You are right, William. Art was always the be-all and end-all. It’s the first and the last thing to push against tyranny.
Yeah! It’s quite amazing. But you are right, the frequency of the world has changed. I feel like there’s less people now who find that frequency and that tone early in their lives. They get written into this kind of circle of like, have to work, have to make rent, you know, have to watch something on TV and then have to go to bed. And it doesn’t leave a lot of room for beautiful things and healing things.
And even when you watch TV, you watch Netflix, there are new movies every week. But they use it all to control what is beautiful. They control what is important in life. They put out there in these movies. They control the tonalities that we hear.

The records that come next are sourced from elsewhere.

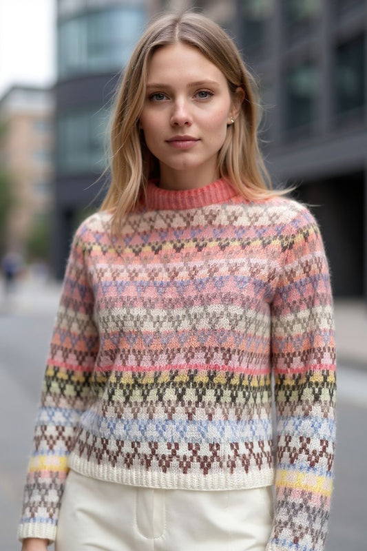 Handmade Fair Isle Sweater | Pastel Multi-Color | Cropped Wool Knit S-5XL
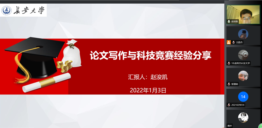 疫情当前,使命在肩,“停课不停学”是保障研究生正常科研学习的有力方式。1月3日,学院举办水环“云咖”讲堂第二讲,本次讲座由博士研究生国奖获得者赵浚凯做主题为“论文写作与科技竞赛经验分享”的报告,我院全体研究生参加,研究生培养与管理主管魏玮主持。
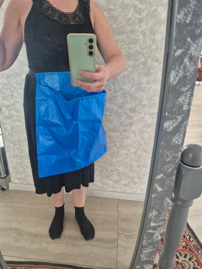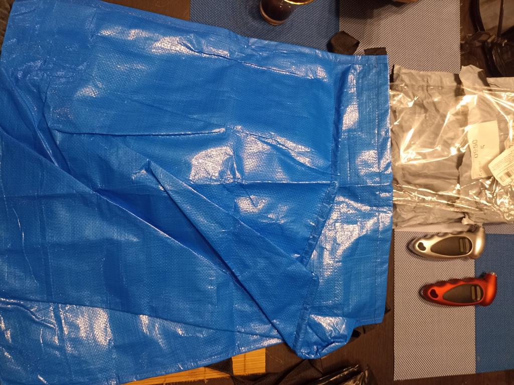 Apron made from material for making bags, coarse, very large
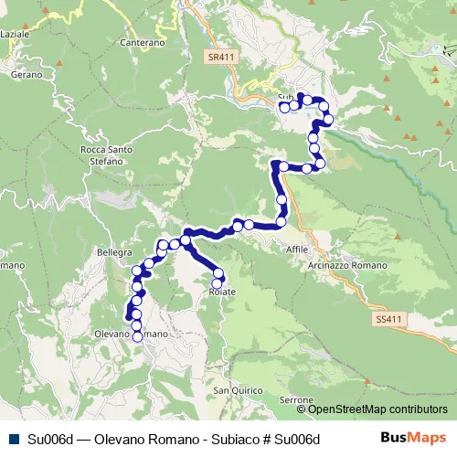 Click here to view the nearest Su006d - Olevano Romano - Subiaco # Su006d bus stop.

But then, hopefully, you hear something like Miles Davis’ Kind of Blue, and BAM! It changes your life. All of this other stuff is still going on around you, but you hear Miles Davis and Cannonball Adderley, and John Coltrane. And you follow that path to A Love Supreme. You find your tone.
Tone is the answer. Tone leads you to the Tone World. There’s no rent in the Tone World. There’s no global warming, no war. It’s beautiful there. That’s why once you stop playing, you want to play again as soon as possible.